**WHAT THIS TASK INVOLVES**
From the first line to the last, please reproduce the material exactly, skipping the pictures.

=== SOURCE MATERIAL ===

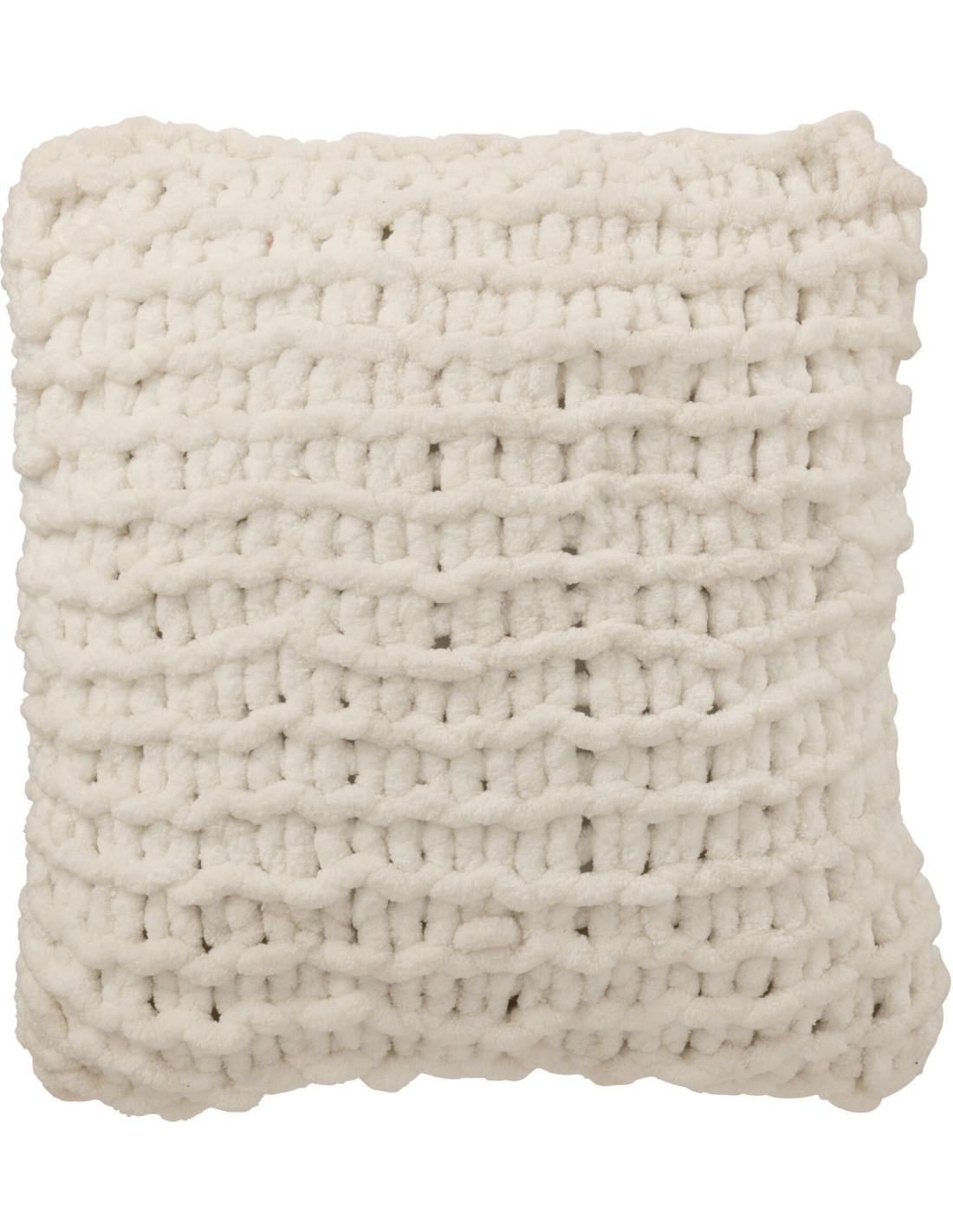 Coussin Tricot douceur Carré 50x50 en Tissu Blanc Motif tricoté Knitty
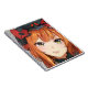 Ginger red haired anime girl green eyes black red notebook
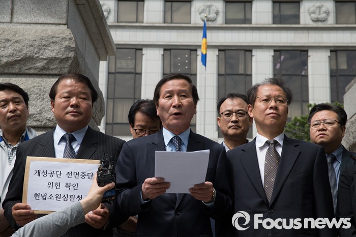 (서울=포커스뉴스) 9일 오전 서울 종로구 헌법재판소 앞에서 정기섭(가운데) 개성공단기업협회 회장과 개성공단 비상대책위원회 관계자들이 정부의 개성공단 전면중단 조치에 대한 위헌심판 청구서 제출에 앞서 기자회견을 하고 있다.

===

**ANSWER FOR THIS EXERCISE**
 Coussin Tricot douceur Carré 50x50 en Tissu Blanc Motif tricoté Knitty
 Ginger red haired anime girl green eyes black red notebook
 (서울=포커스뉴스) 9일 오전 서울 종로구 헌법재판소 앞에서 정기섭(가운데) 개성공단기업협회 회장과 개성공단 비상대책위원회 관계자들이 정부의 개성공단 전면중단 조치에 대한 위헌심판 청구서 제출에 앞서 기자회견을 하고 있다.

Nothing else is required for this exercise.